B(l)usen-Freund: Der Hemdenhersteller aus Passau zeigte sich im Geschäftsjahr 2012 wetterfühlig und musste beim Gesamtumsatz leichte Einbußen hinnehmen. Bei den Blusen konnte hingegen ein zweistelliges Absatzplus erreicht werden. Unterm Strich hadert Eterna aber weiterhin mit roten Zahlen.

Mit eigenen Läden will eterna weiter moderat wachsen

Die eterna Mode Holding GmbH hat im Geschäftsjahr 2012 ihren Umsatz aus dem Vorjahr nicht halten können. Die Erlöse gingen um 1,4% von 96,5 Mio. auf 95,1 Mio. Euro zurück. Der Umsatzrückgang resultierte aus der schwachen Nachfrage im Inland (-2,4%), denn der Exportanteil konnte um 1,1% auf 27,2 Mio. Euro zulegen. Wie der Passauer Hemdenhersteller mitteilte, war das Jahr vor allem durch das witterungsbedingt schwache erste Halbjahr geprägt. Im Bereich Hemden sanken die Erlöse von 75,9 Mio. auf 73,2 Mio. Euro. Auch im Bereich Krawatten, Accessoires und Sonstiges mussten Einbußen von 0,3 Mio. Euro auf 3,6 Mio. Euro verbucht werden. Dagegen stieg der der Verkauf von Damenblusen von 16,6 Mio. auf 18,3 Mio. Euro an. Ebenfalls positiv entwickelte sich das Retail-Geschäft, dessen Umsatzanteil auf 20,4% gesteigert werden konnte. Zum Ende des Jahres betrieb Eterna 43 Shops mit einer durchschnittlichen Fläche von 73 Quadratmetern. „Insgesamt haben wir im vergangenen Geschäftsjahr den Umsatz sowohl im Retail‐ als auch im Exportgeschäft steigern können und insbesondere im Segment Blusen deutliche Zuwächse verzeichnet. Dadurch waren wir in der Lage, die im ersten Halbjahr witterungsbedingt schwächere Umsatzentwicklung bei Kurzarmhemden nahezu auszugleichen“, so Henning Gerbaulet, seit Januar 2013 Geschäftsführender Gesellschafter.

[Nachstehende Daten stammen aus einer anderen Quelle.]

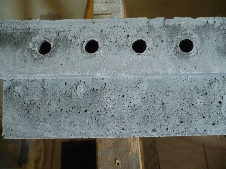 Düse 2 hat deutlich mehr und größere Lufteinschlüsse. Da hatte ich zu spät mit verdichten angefangen. Sind mal 4kg Beton in der Form bewegt sie sich nicht mehr stark genug.
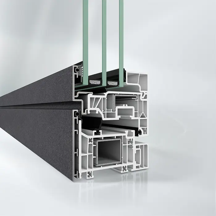 VIEW: The new Schüco Symbiotic design window system made from aluminium and PVC-U combines the benefits of both materials and is characterised by narrow face widths and a puristic, angular design.
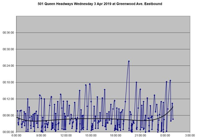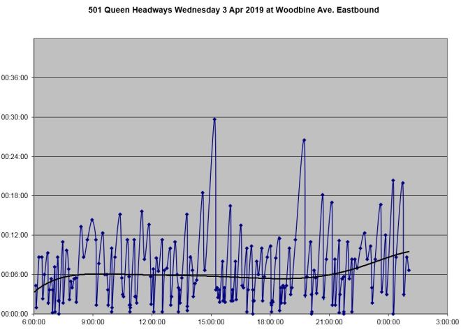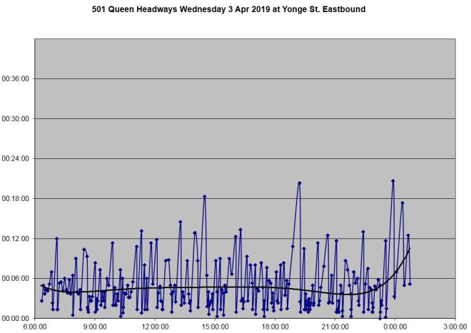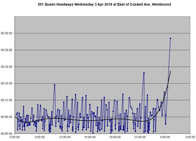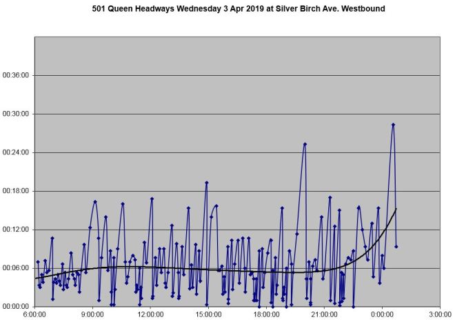 A typical problem on Queen is that at the end of the morning peak period, headways at terminals can be larger than usual because route supervisors are cleaning up after the peak. This shows up for the 9:00 and 10:00 data below. The rise late at night is the scheduled transition to “baby night” service.
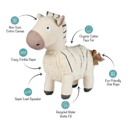 Het speelgoed is gemaakt van niet giftig canvas, biologisch katoenen imitatiebont, stevig jutetouw en gevuld met gerecyclede plastic flessen. Dankzij de extra luide pieper, het knisperpapier en het trektouw blijft jouw hond actief en nieuwsgierig tijdens ieder speelmoment.
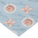 Set your table with this beautiful vintage style design. Antique lettering on a faded blue background sets the stage for this pink rose bouquet on an old fashioned lace doily. Pink and white toile bows complete the pattern. Perfect for your next tea party!

Das Ergebnis vor Zinsen, Steuern und Abschreibungen (EBITDA) rutschte u.a. aufgrund von gestiegenen Kosten für die Anstoßfinanzierung von sechs neuen Retail-Stores von 14,0 Mio. auf 11,9 Mio. Euro. Nach nicht liquiditätswirksamen Abschreibungen auf den Firmenwert in Höhe von 6,4 Mio. Euro, einem Finanzergebnis von -4,5 Mio. Euro und Kosten für die Anleiheplatzierung in Höhe von 2,1 Mio. Euro musste Eterna einen Fehlbetrag von 4,7 Mio. Euro ausweisen. „Bereinigt um die Abschreibungen auf den Firmenwert und das außerordentliche Ergebnis ist es uns gelungen, das Konzernergebnis leicht auf 3,9 Mio. EUR zu verbessern. Maßgebliche Richtgröße bleibt für uns das EBITDA, denn es belegt ganz deutlich die operative Stärke und die anhaltend hohe Schuldentilgungsfähigkeit unseres Geschäftsmodells“, stellt Gerbaulet klar.

Für das laufende Jahr ist er optimistisch: Eterna sei gut ins neue Geschäftsjahr gestartet und habe sich bisher positiver entwickelt als die Textilbranche insgesamt. Mit geplanten Investitonen von 3,9 Mio. Euro für die weitere „moderate“ Retail-Expansion, die Optimierung des Systemgeschäfts und der Verbesserung der Flächensteuerung im Großhandel sowie die Forcieurng des Onlineverkaufs sollen in diesem Jahr sowohl Umsatz als auch EBITDA gesteigert werden. Außerdem soll die Marke weiter geschärft werden.